# MNCSA Make a WIsh Herf



## Ganz (Nov 23, 2003)

The Minnesota Cigar Smokers Association is holding its 7th Annual Make A Wish Herf on Saturday March 12, at 6pm, at Canterbury Park Race Track and Card Club. This event includes silent auctions, live auctions, and a raffle. Last year's event raised over $13,000 for Make A Wish, and we'd like to top that amount this year. Everyone is welcome to attend.

For more information about the event, please check our website:
MNCSA Herf


----------



## CigarNation (Oct 4, 2006)

Topping this one too!

Out goal is 200 attendees and over $20K raised!
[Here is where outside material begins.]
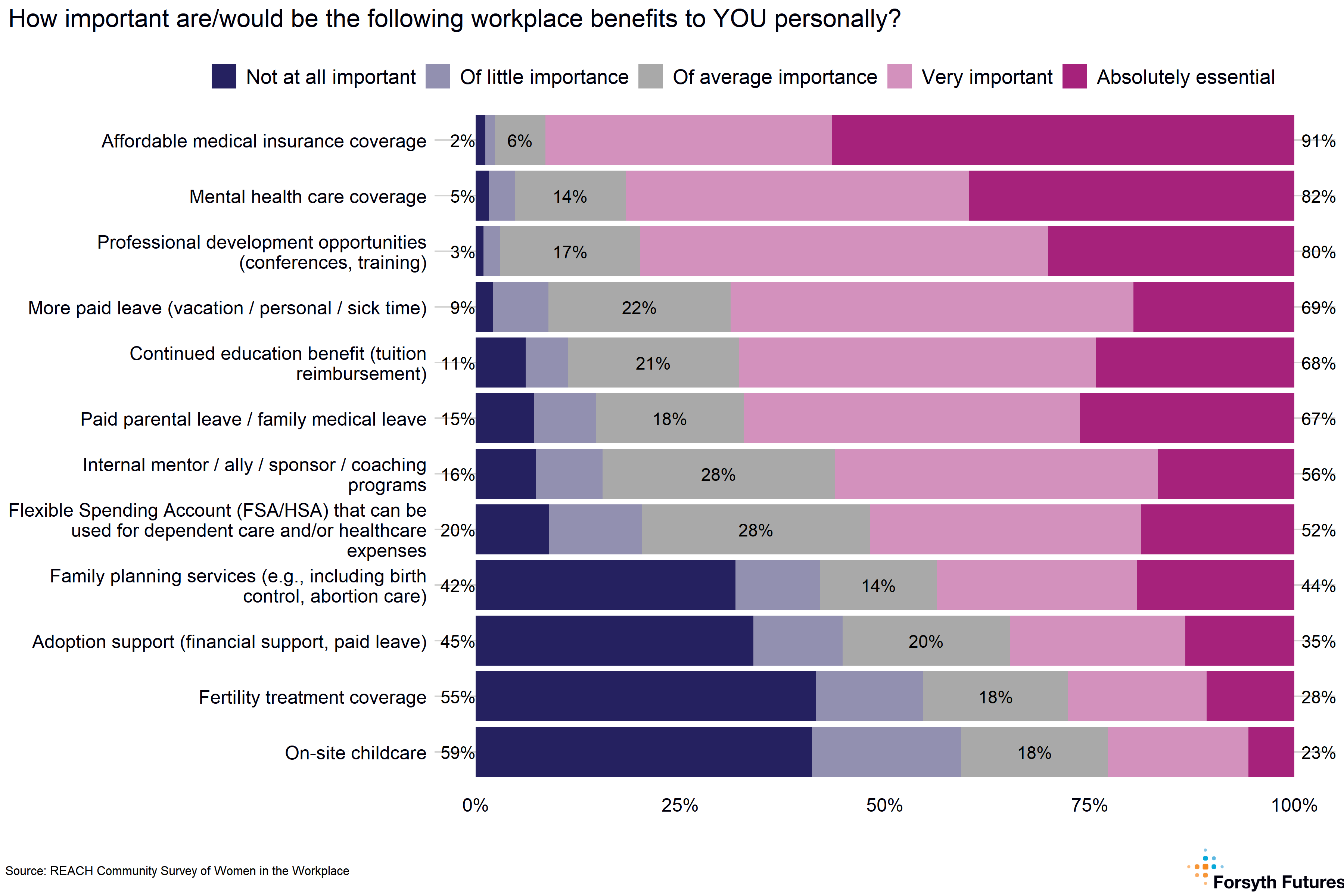 The overwhelming majority (91%) of women said that affordable health care insurance was a very important/absolutely essential benefit to them personally. The next two highest-rated benefits were mental health coverage (82%) and professional development opportunities (80%). The lowest-ranking benefits were on-site child care (59%) and fertility treatment coverage (55%).
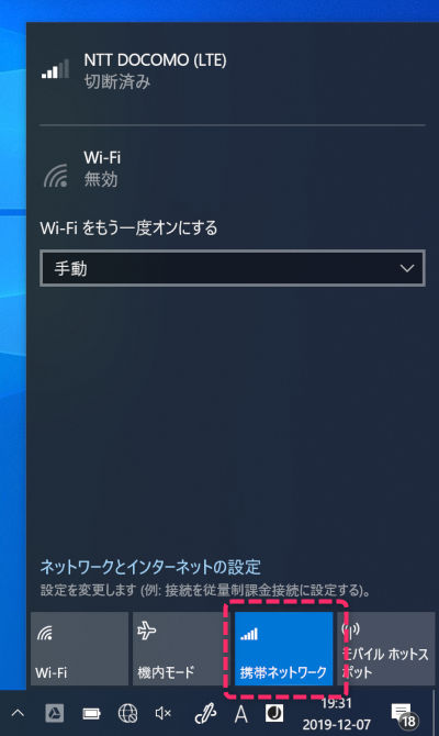 デスクトップ右下のネットワークアイコンをクリックして、携帯ネットワークが有効になっているのを確認します。

You can get your tickets at Stogies on Grand, St. Croix Cigar Company, The Good Life (Mahtomedi), Tobacco Grove and a few others. Check out www.mncsa.net for all the ticket spots and details!


----------



## MrJerry (May 25, 2005)

I sent off a big box of Killer Beans for the herf...I hope it helps get you guys closer to the 20K goal.
Have a great time guys!!:ss


----------



## Beagle Boy (Jul 26, 2006)

Thanks for the support, very much appreciated


----------



## n2advnture (Aug 9, 2004)

MrJerry said:


> I sent off a big box of Killer Beans for the herf...I hope it helps get you guys closer to the 20K goal.
> Have a great time guys!!:ss


Slow poke :r 

Should be a good one!

~Mark


----------